Forty-four states and the District of Columbia saw year-over-year employment gains in the sector, while 28 states added jobs between February and March.

“Construction employment growth occurred in all regions in the latest 12 months,” says Ken Simonson, AGC’s chief economist. “The only soft spots in construction demand and employment are in states that rely on energy extraction for a large segment of their economy.

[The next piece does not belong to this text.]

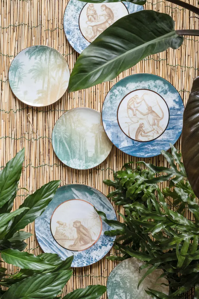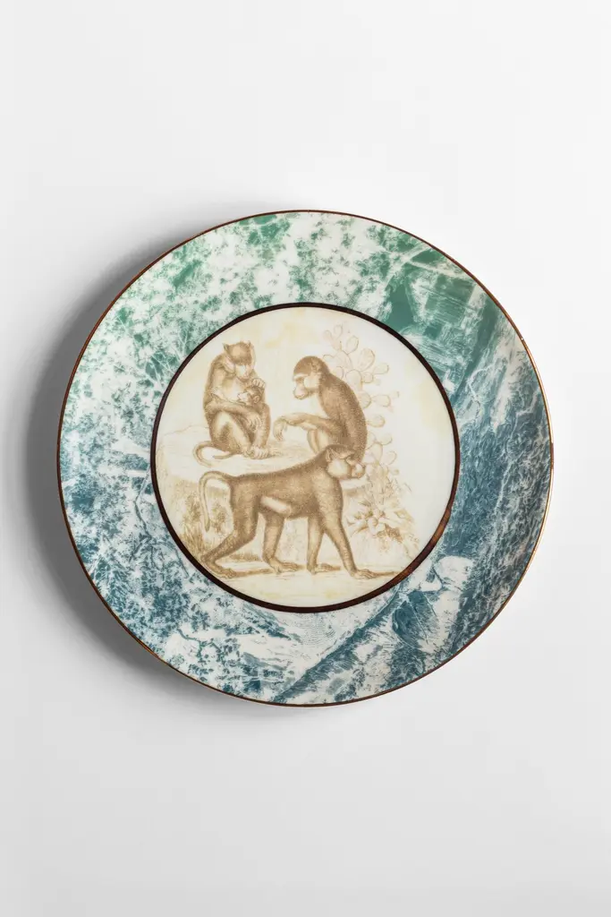 Galtaji, Six Contemporary Porcelain Dinner Plates With Decorative Design

The economic diversity across the leading job-growth states suggest that construction will continue to add to jobs gains in much of the country.”

California added the most construction jobs (39,600 jobs, 5.6 percent) between March 2015 and March 2016, followed by Florida (27,500 jobs, 6.5 percent), New York (17,300 jobs, 4.9 percent) and Massachusetts (16,000 jobs, 11.9 percent). Hawaii added the highest percentage of jobs during that span, (20.9 percent, 7,000 jobs), followed by Rhode Island (13.3 percent, 2,200 jobs), Massachusetts and Nevada (11.6 percent, 7,500 jobs).

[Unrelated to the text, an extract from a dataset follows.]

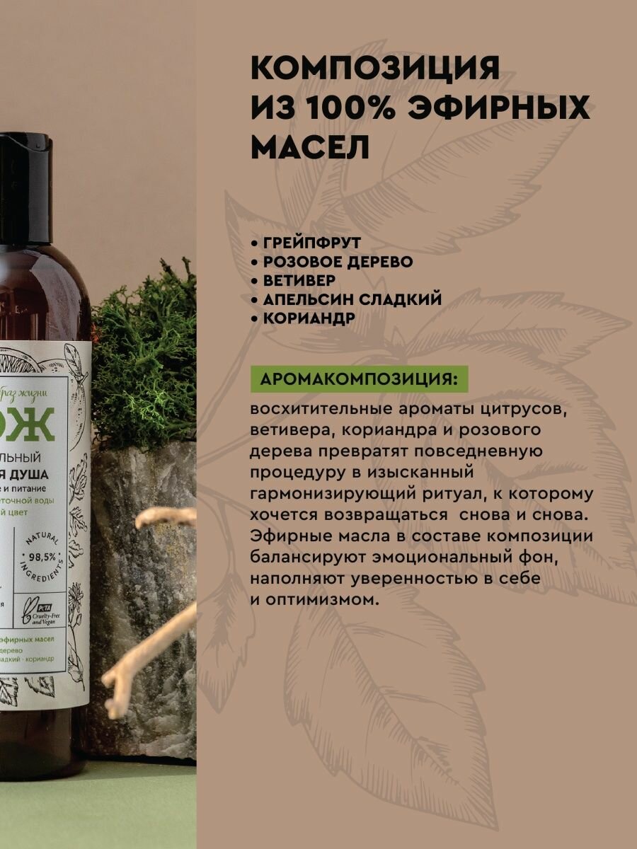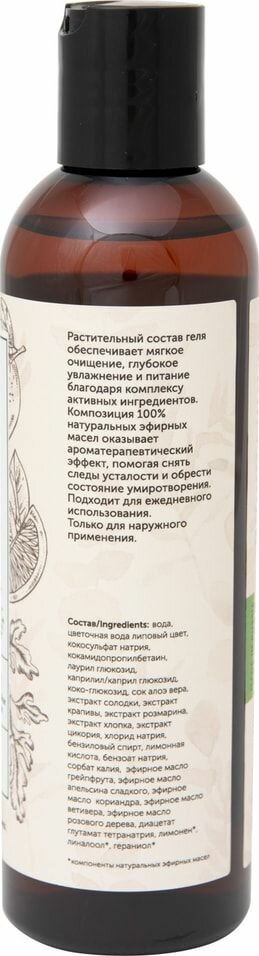 Растительный состав геля обеспечивает мягкое очищение, глубокое увлажнение и питание, благодаря комплексу активных ингредиентов в составе. Композиция 100% натуральных эфирных масел создает атмосферу ароматерапии. Подходит для ежедневного использования. Только для наружного применения.

North Dakota lost the highest percent and total number of construction jobs (-15.7 percent, -5,700 jobs) for the year. Other states that lost jobs include Alaska (-8.7 percent, -1,600 jobs), Wyoming (-7.1 percent, -1,700 jobs), Kansas (-5.6 percent, -3,400 jobs) and West Virginia (-1.2 percent, -400 jobs). Construction employment was unchanged in Connecticut.

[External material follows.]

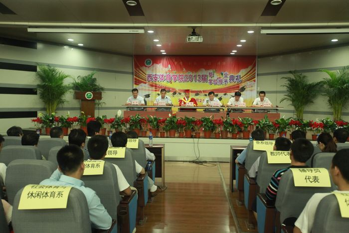 党委书记吴长龄热情洋溢的讲话将毕业典礼推向高潮。吴书记代表学院党政领导和全体师生,向顺利完成学业的2013届毕业生表示热烈的祝贺,向为学生健康成长倾注心血和汗水的教师们表示诚挚的感谢。吴书记以我院校友、国家体育总局副局长杨树安和陕西著名导演张艺谋为例,勉励同学们心怀至爱,认真做事。他还与同学们分享了自己多年体育管理工作的经验,鼓励同学们为国家体育事业的振兴和实现伟大的中国梦而展示自己的才华,贡献自己的力量。最后,吴书记用“莫愁前路无知己,天下谁人不识君”“待到山花烂漫时,她在丛中笑”两句诗祝愿同学们展翅高飞、鹏程万里,拥有精彩的人生和美好的未来!
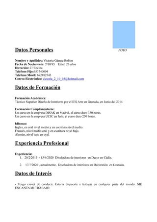 Este documento presenta los datos personales y la formación de Victoria Gámez Robles, una diseñadora de interiores de 26 años. Detalla su educación formal como Técnico Superior en Diseño de Interiores y cursos complementarios, así como su experiencia laboral de 5 años en dos empresas dedicadas a la decoración. También resume sus habilidades lingüísticas e intereses personales.

Pennsylvania added the most construction jobs between February and March (6,000 jobs, 2.6 percent). Other states adding a high number of jobs for the month include Georgia (4,300 jobs, 2.5 percent), Illinois (4,100 jobs, 1.9 percent), Colorado (3,900 jobs, 2.5 percent) and Iowa (3,600 jobs, 4.4 percent). West Virginia (4.5 percent, 1,400 jobs) added the highest percentage of jobs, followed by Iowa, Nevada (4.1 percent, 3,000 jobs) and Hawaii (3.3 percent, 1,300 jobs).

Construction employment declined in 22 states during the past month and held steady in Washington, D.C. California shed more construction jobs than any other state (-7,400 jobs, -1.0 percent), followed by Indiana (-2,300 jobs, -1.7 percent), Missouri (-2,000 jobs, -1.7 percent) and Minnesota (-1,600 jobs, -1.3 percent). Arkansas lost the highest percentage of construction jobs between February and March (-3.0 percent, -1,500 jobs), followed by New Hampshire (-2.3 percent, -600 jobs) and Alaska (-2.3 percent, -400 jobs).